Saudi Arabia welcomed on Friday the verdict issued by Special Tribunal for Lebanon (STL) against agents of the terrorist Hezbollah militia, reported the Saudi Press Agency.
STL appeals judges on Thursday sentenced two Hezbollah members in absentia to life imprisonment for their role in the 2005 assassination of former Lebanese Prime Minister Rafik al-Hariri.
Saudi Arabia called on the international community to assume its responsibilities towards Lebanon and its fraternal people, who are suffering from the reckless terrorist practices of the Iran-backed Hezbollah.
It urged the international community to implement international resolutions related to Lebanon that would arrest the suspects, who deliberately sought to claim innocent lives, sparking unprecedented upheaval in the fraternal country.
Arresting the suspects would help curb the successive crises that erupted in the country in recent decades due to their terrorist practices, it added.
The suspects remain at large.
Hariri served as prime minister of Lebanon five times following the 1975-90 civil war. He and 21 others died in a massive truck bomb on Feb. 14, 2005.
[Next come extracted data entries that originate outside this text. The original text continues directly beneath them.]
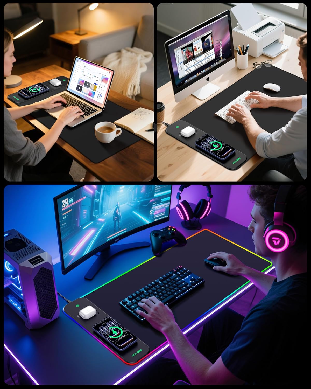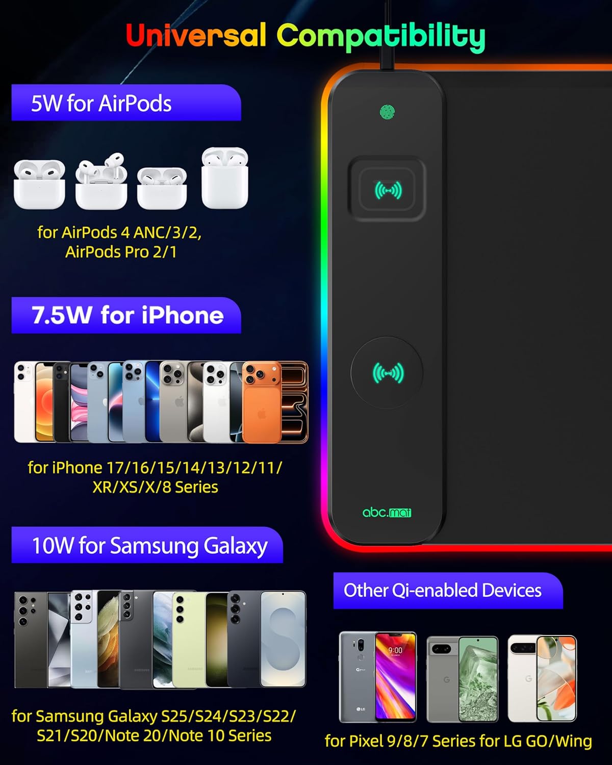 【Smart Safety & Anti-Slip Design】 Built-in Smarship tech prevents overcharging, overheating, and short circuits; Natural rubber base with textured grip keeps the mat firmly in place during intense gameplay
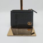 Questo portafoglio compatto Gucci Ophidia GG combina eleganza e praticità in un design raffinato. Realizzato in pelle nera martellata, presenta sulla parte frontale il logo Double G in metallo dorato, simbolo iconico della Maison.
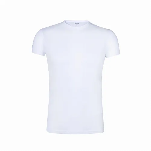 T-shirt for adult in 100% breathable polyester material of 140g/m2 with cotton texture.
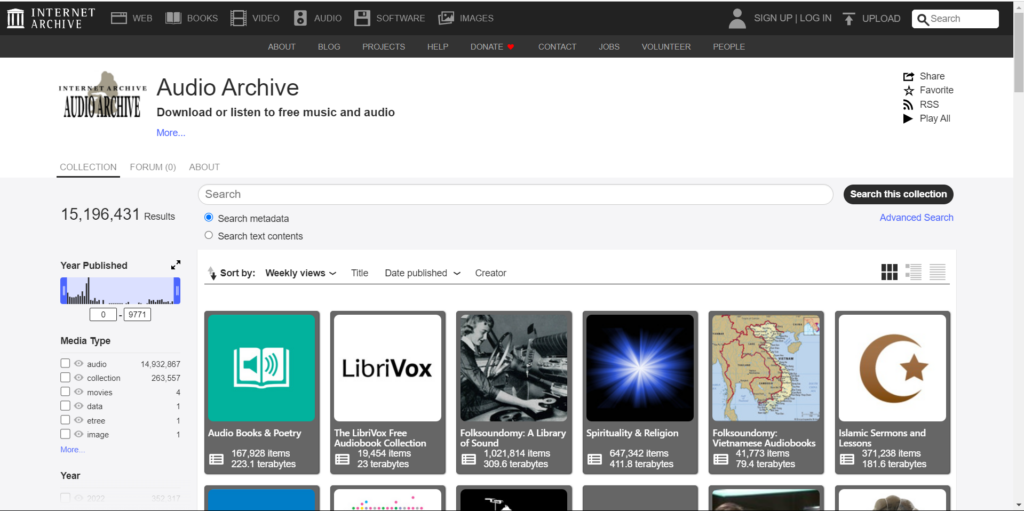 Pour être précis, il a14,7 millions d'enregistrements audio, que vous pouvez télécharger gratuitement. Vous pouvez également les diffuser sans les télécharger. Un autre avantage de ceci est que cela vous permetfiltrer le sonpar type de média, année de publication, créateur, langue et même sujet. Dans l’ensemble, c’est un excellent site de téléchargement de musique qui vous permet de télécharger facilement de la musique.
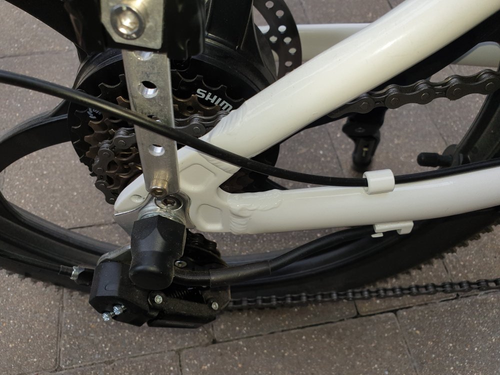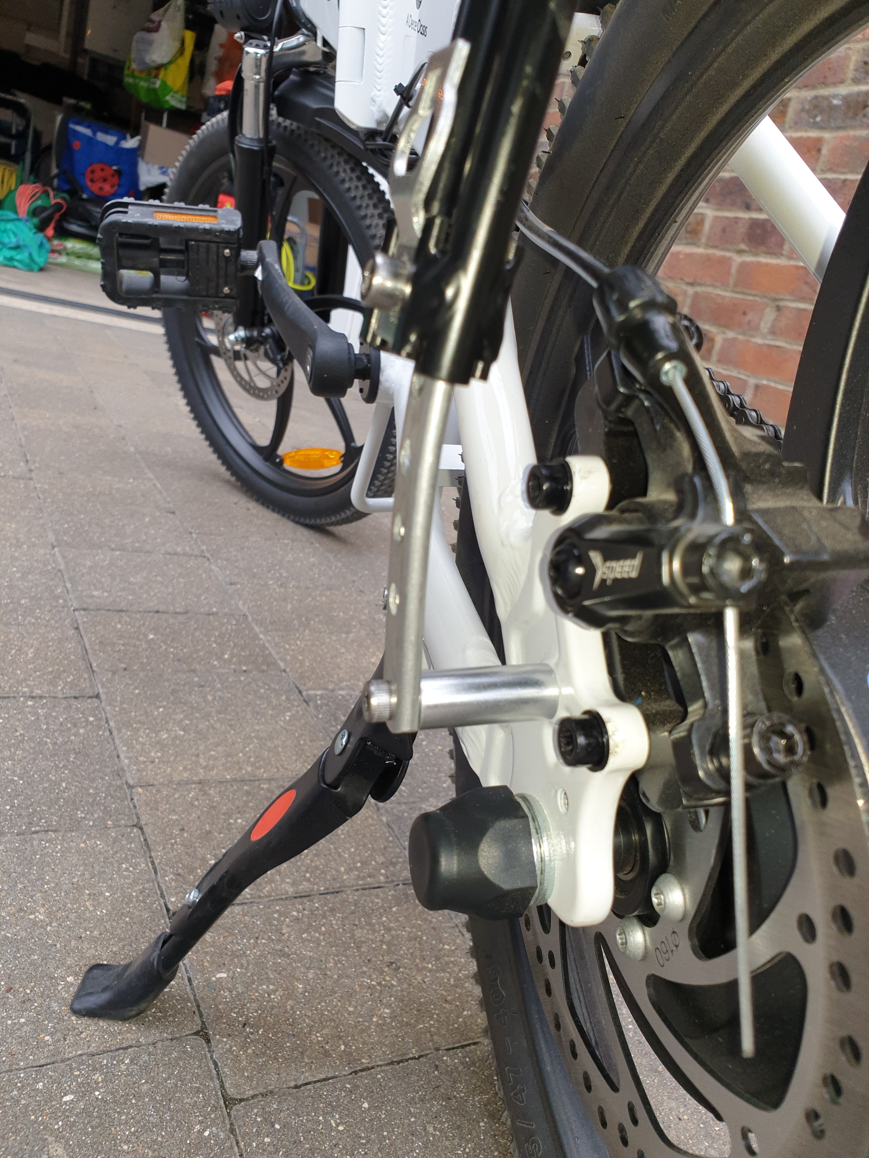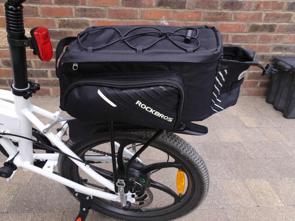 2. I didn't like the Ado offering for rear cycle rack as it fastened via trashy p-clips to frame rather than proper accessory mounting bolts so looked for an alternate. It looks like the same rack top as the Ado but comes with proper adjustable mounts and , half the price. I found this 20 inch folding rear aluminum rack on UK eBay but you can also order from China (£24.00). It is small but fits just right to side accessory mounting bolt holes and is just the right size for my new RockBros removable cycle bag, to store lock and pick up groceries. Its light but appears pretty strong. I used a PDW Disk brake spacer kit to "space" away from the gears. A very easy upgrade, took me 1/2 hour. Just need to reposition the brake light to the back of the rack or get another to fit there.
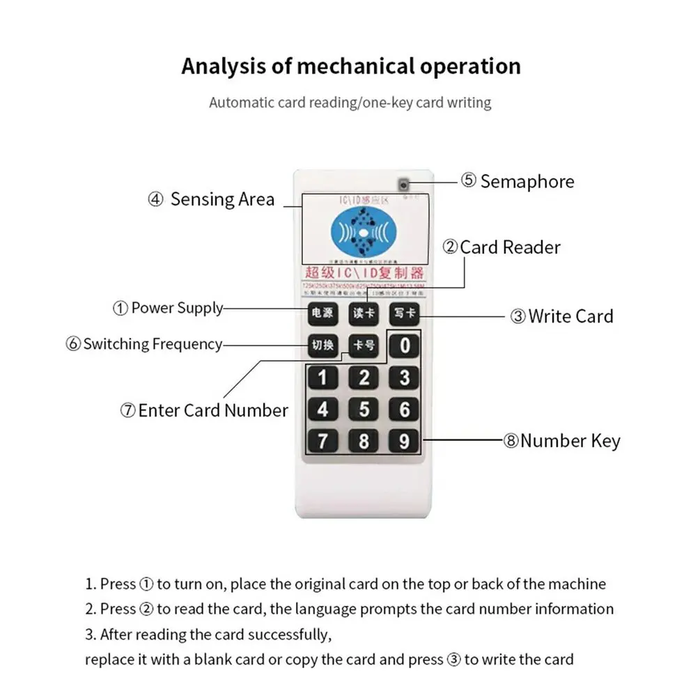 1. Функция кардридера или кардридера: небольшой размер, эргономичный, удобный для переноски и удобный для повседневного использования. Чтение (английский голос) и запись кнопок, управление более простое и удобное.
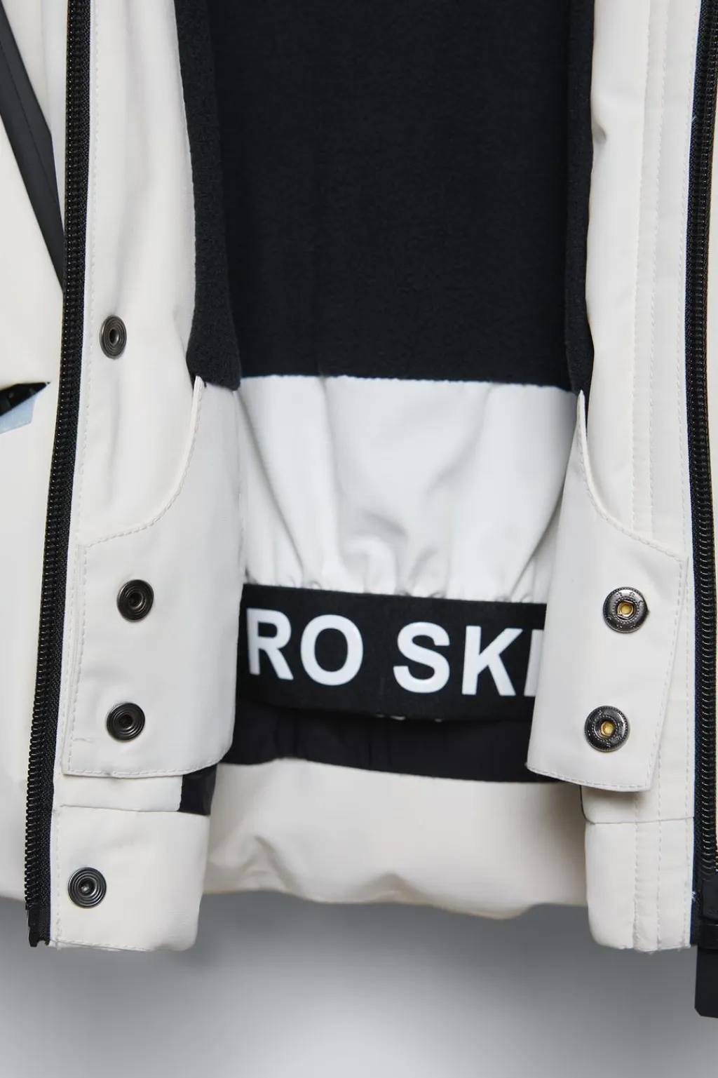 Cazadora con tejido especial repelente al agua y resistente al viento. Con un aislamiento térmico para mantener el calor. Cuello subido y capucha. Manga larga acabada en cierre ajustable por adhesivo y puño interior con abertura para pulgar, detalle bolsillo para forfait con cremallera termosellada. Cierre cremallera frontal termosellada oculta por solapa y cierre con botones tipo presión. Bolsillos delanteros y en pechera con cierre cremallera termosellada y tejido interior con forro polar. Bajo con faldón interior antinieve desmontable. Forro interior en tejido polar. Detalle bandas reflectante en bolsillos y espalda.

"The attack terrorized not only the direct victims but more generally the people of Lebanon," STL presiding judge Ivana Hrdlickova said as she handed down the maximum sentence on Hassan Habib Merhi and Hussein Hassan Oneissi.
In March this year the appeals chamber reversed an earlier acquittal and found Merhi and Oneissi guilty of terrorism and murder.
In 2020, a lower trial chamber convicted a former member of Hezbollah, Salim Jamil Ayyash, for the bombing that killed the veteran politician and 21 others. Ayyash also received a life sentence in the trial which saw a prosecution case based almost entirely on mobile phone records.
The Lebanon tribunal was created by a 2007 UN Security Council resolution. It is funded by voluntary contributions and by the Lebanese government.
Thursday's ruling concludes the court's main case.
It is expected that the court, which has been plagued by a funding crisis in the past years, will close down with only minimal staffing to handle residual issues.